For those of you not aware, this calculation (and variations of it) is what’s used on baseball-reference.com, ESPN and various other sites when calculating the “Pythagorean W-L” (baseball-reference) or “EXWL” (ESPN.com).
Just plug a team’s runs scored and runs given up into the formula and it spits out the expected winning percentage which you can use to calculate expected wins.
It turns out the formula is pretty good and can get you within a few games each year of the actual record.
For a nerd like me, that’s a pretty cool thing.
Still, I was bothered by the fact that the theorem ignored the results on the field (wins and losses) and at times the resulting number of expected wins could be a number that was not possible based on wins and losses that had already occurred.

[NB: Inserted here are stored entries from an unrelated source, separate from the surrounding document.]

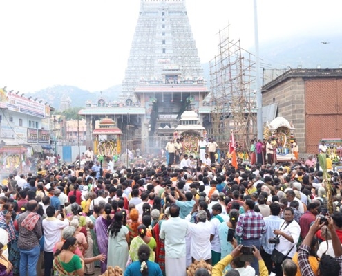 0 Comments/in Deepam 2025, Frontpage Article, News, News & Events/by omarunachalaThe Thirukarthigai Deepam festival began in Thiruvannamalai with grand celebrations as thousands of devotees gathered around the Annamalaiyar Temple. On the first day of the festival, the Panchamurthi idols were taken out in a special alankaram, carried in beautifully decorated silver vimanas. Devotees thronged the Mada Streets to witness the sacred procession and receive the […]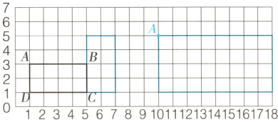 (2)将长方形按2 : 1放大,画出放大后的图形,并使点A的位置在(10,5)处,放大后的长方形的面积与原来长方形的面积比是( )。(5分)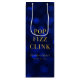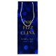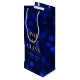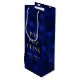 Elegant vin presentväska med ord"Pop Fizz Clink" i faux guld-folie mot en sapphire blue bokeh ljus mönster bakgrund. Perfekt för förlovningsfester, bröllop, årsdagar eller andra evenemang.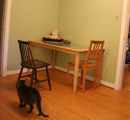 | {The dining room, with foreshortened cat.} |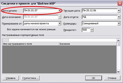 2. Ввести предполагаемую дату начала проекта: меню Проект/ Сведения о проекте…/ поле «Дата начала:» (рис. 5.1).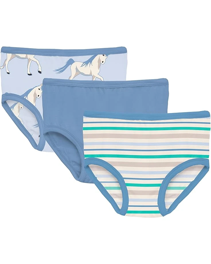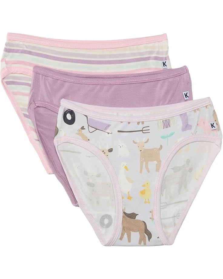 - Keep this Kickee Pants™ Kids Print Girl’s Underwear Set of 3 in your wardrobe to get a convenient layer for your intimates throughout the weekdays. They have incredibly soft & stretchy construction with moisture-wicking and tag-free design. The mid-rise elasticated waistband and classic-cut legs allow easy movement. Allover floral fun prints and solid colors make the pants chic in look.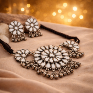 This jewellery consists of a New Premium Red Mirror Stone Work Afghani Choker Set

Let me explain with a simple example.
Suppose the Astros open 2024 with a three-game series against the Rangers and Texas wins the first game 1-0, but Houston wins the next two games 10-0 and 11-1.

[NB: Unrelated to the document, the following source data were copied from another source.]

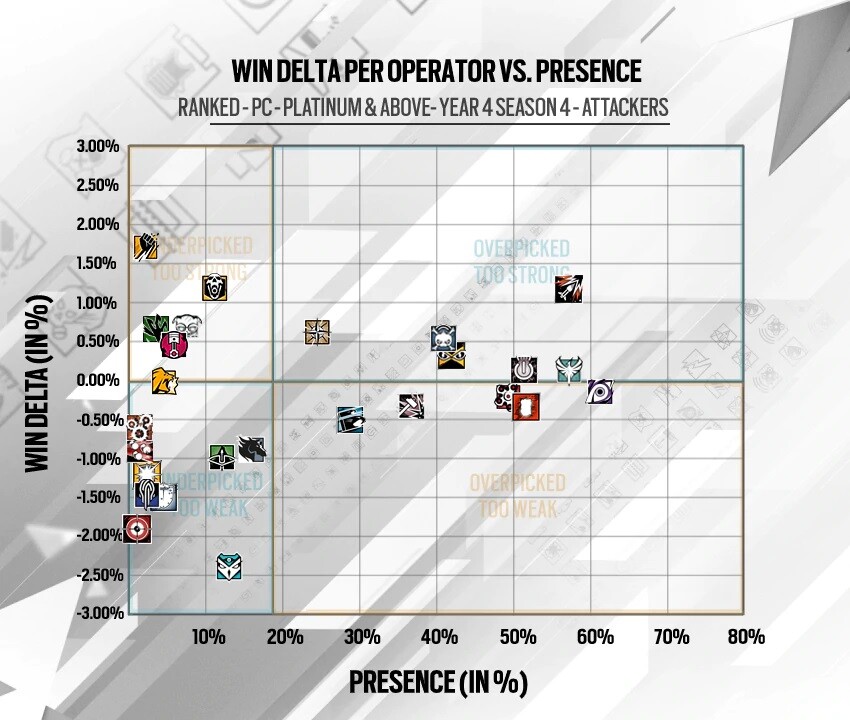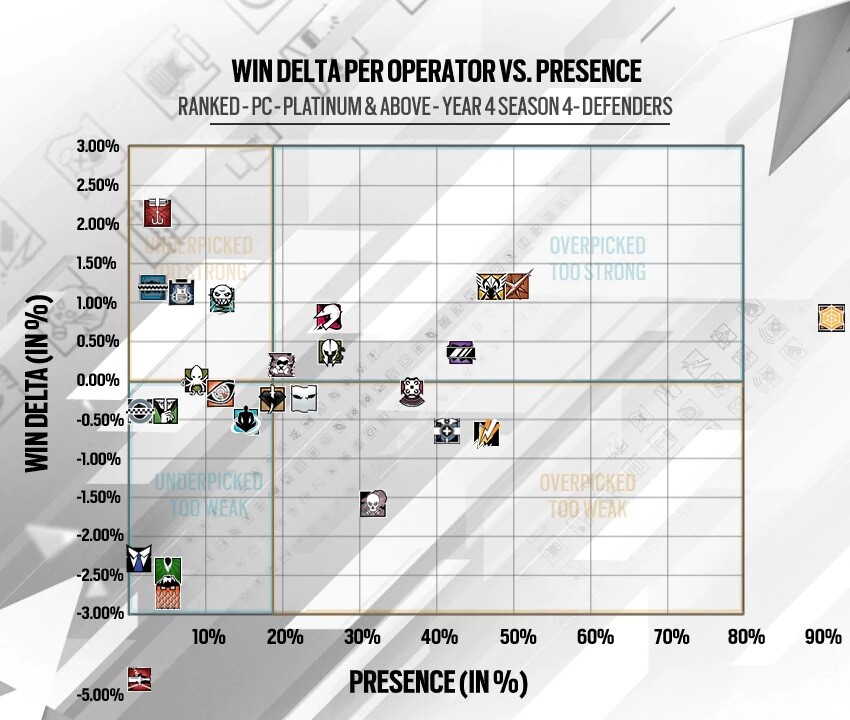 A Win Delta az átlagos nyerési arány, amikor egy operátort kiválasztanak, a mínusz érték pedig az, amikor az operátort nem választják. Pontosabban ez azt jelenti, hogy szezononként kiszámolják, hogy a meccsek során mekkora arányban vannak győztes meccsek, ha az adott operátor jelen van a meccsben, illetve mekkora akkor, amikor az operátor nincs jelen. Mínusz az érték, ha a csapatok átlagosan többet nyernek az operátor nélkül, illetve pozitív, ha a csapatok átlagosan többet nyernek, ha az operátor benne van a csapatban. A Presence érték annak az aránya, hogy az operátor milyen mértékben választják, amennyiben nincs bannolva.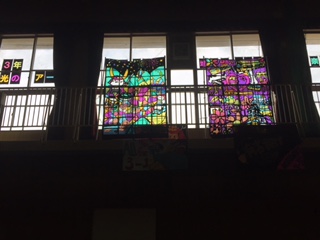 校外学習や修学旅行をテーマに一人一人がイラストを描きそれをコラージュして作った作品です。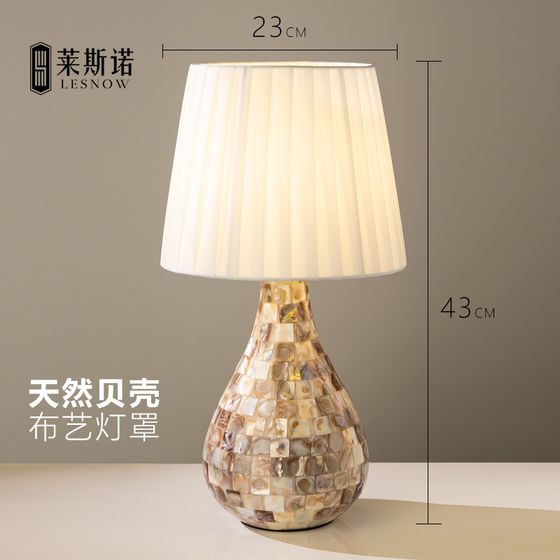 새로운 쉘 현대 간단한 침실 머리맡 램프 베이지 디자이너 하이 엔드 중세 거실 하이라이트 라이트 럭셔리 테이블 램프

The Astros would then be 2-1, but because of the 21-2 run differential, the Pythagorean expected record would be 3-0 (when rounded).

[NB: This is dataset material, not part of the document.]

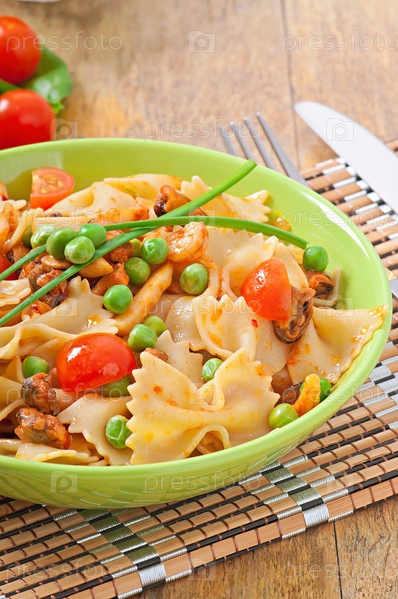 Паста Фарфалле с морепродуктами, помидорами черри и зеленым горошком

The problem is in the scenario above the Astros will NEVER be 3-0. It’s impossible.
In most cases, this issue resolves itself over the course of 162 games and that’s how the Pythagorean Theorem works.
In short, the theorem says it’ll all work out in the end and is much ado about nothing.
But not always and that’s why I developed a calculation that includes run differential and actual results in calculating expected wins.
Below is a chart showing actual wins, expected Pythagorean Wins, the difference between actual and expected Pythagorean Expected Wins, Astros Projections Expected Wins and the difference between actual wins and Astros Projections Expected wins.
The results are clear, but here are a few notes:
Exact match: AP 8 Pythagorean 5
Closer to the actual number of wins head-to-head: 23-0-7 in favor of AP.
Total Games off (either way): Pythagorean 107 AP 53
AP Summary
8 teams with 0 game difference
7 teams with 1 game difference (either way)
6 teams with 2 game difference (either way)
While I’m proud of No. 3 and 4 above, which means the AP formula was more than twice as accurate for 2023 than the Pythagorean formula and I came within 2 games for 21 of 30 teams, No. 2 may be my favorite.
Simply put, this formula performed better for 23 teams and as well on the other 7. For no team did the Pythagorean Theorem do a better job of projecting wins than the AP formula.
Both systems struggle with teams that are outliers in one-run games (either winning or losing a high percentage), like the Marlins and Padres, but because the AP formula incorporates the actual game results it fares better (but not great) with these teams.
I’m not a mathematician and have no idea if my formula is mathematically sound, though I suspect it’s not and there will be no Fields Medal in my future.
All I know is it’s like Jose Altuve vs. the Yankees - it just works.